For several years I have been using a My Yahoo home page. It seemed to have almost everything that I needed, and I especially liked the ability to customise the look and feel. Mine is a nice set of matching yellows, ochres and browns and, organised into four tabs, keeps most of what I thought I needed in one convenient place.

the front page of MyYahoo

Today I looked again at Netvibes and decided to switch to using this as my home page for the moment. The layout is not as good, although I saw from the blog that custom themes and background images have risen to the top of their to-do list. More importantly though, the range of content is far wider in some areas.

I can now read the subjects of my Arcada mail and my GMail accounts. If I paid Yahoo $20 a year I could read my Yahoo mail as well. (Yahoo.com is about the only mail provider that charges for pop access to your mail account.) I can also get a Flickr photo-stream and read my Del.icio.us bookmarks, as well as having unlimited RSS feeds.

I might set up all the feeds I currently have in Sage for Firefox, and see if it is easier scanning them in a tab in Netvibes.
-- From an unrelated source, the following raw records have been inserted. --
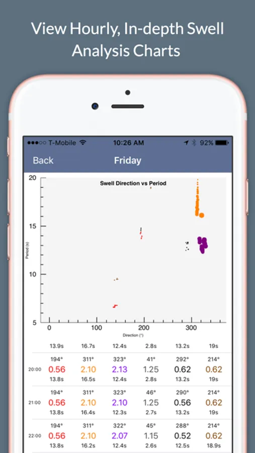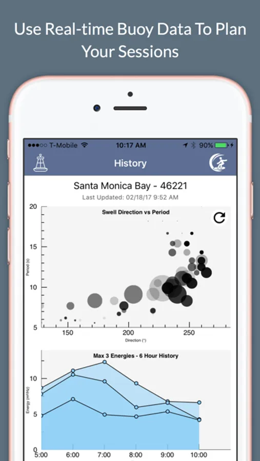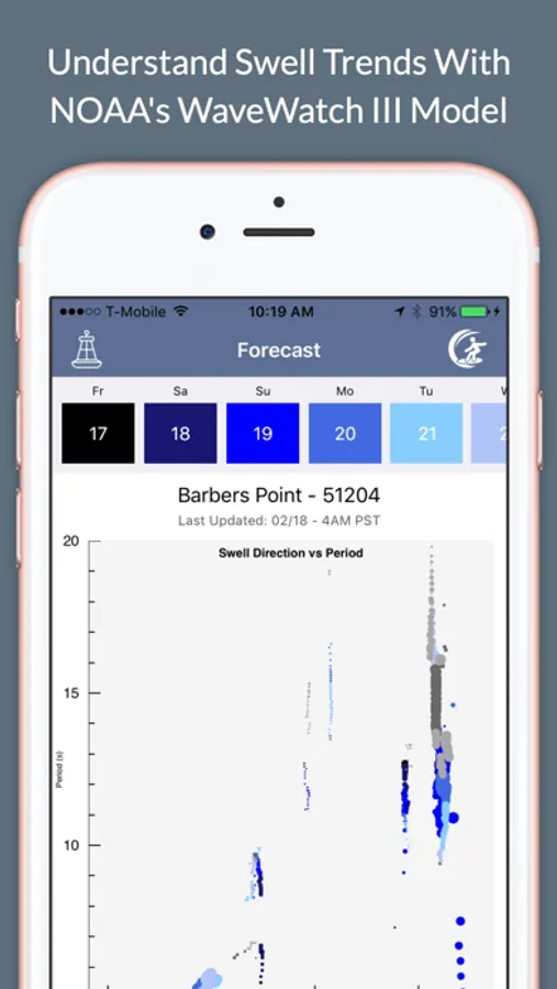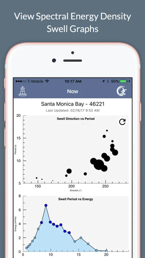 Graphically view forecasted buoy data, giving you a better idea of how the swell is changing with time.
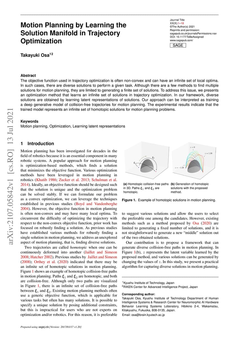 Motion Planning by Learning the Solution Manifold in Trajectory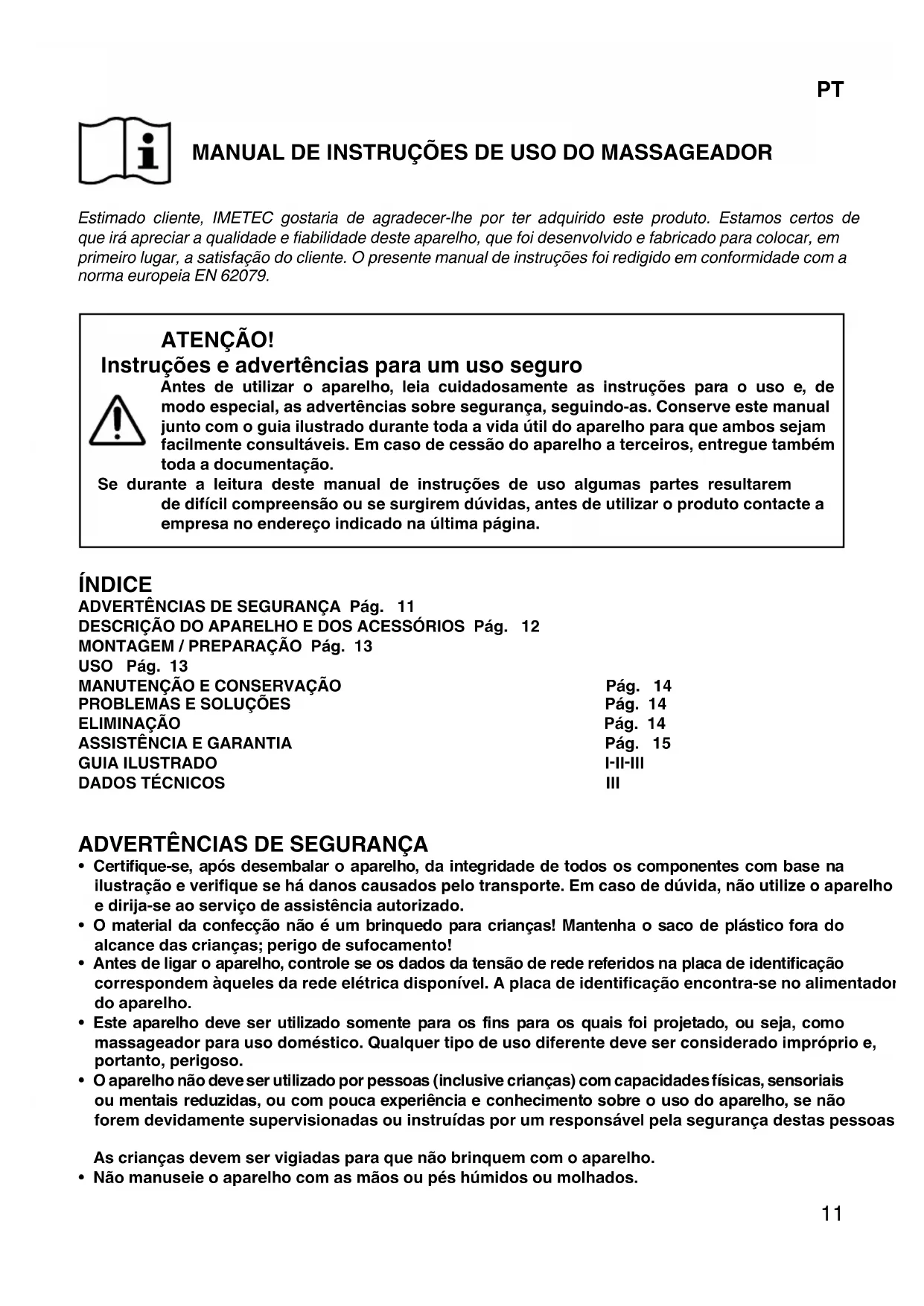 MANUAL DE INSTRUÇÕES DE USO DO MASSAGEADOR Estimado cliente, IMETEC gostaria de agradecer-lhe por ter adquirido este produto. Estamos certos de

It looks like it ought to be, and it will prevent me having them stored differently in different local folders on different computers.

This relates directly to my WikkaBliki project, because since this all works with RSS feeds and open APIs then it ought to be possible to add this functionality to this site, eventually. AKi has shown me some articles that suggest that, very soon, blogs will be the new home pages. Fred Wilson of the blog A VC in NYC:

In the next ten years, most people who want an online home will have a blog, it will be their online identity and their start page and much more.

I haven’t done it yet, but I should change my start page to my blog. That’s where I go to start my day and end my day. And I am hell bent to configure my blog with enough functionality that it can be my newspaper, my inbox, my tv, my radio, and my social network. It’s pretty damn close already.

Well, why not? Why wouldn’t I want my own knowledge-base as my home page?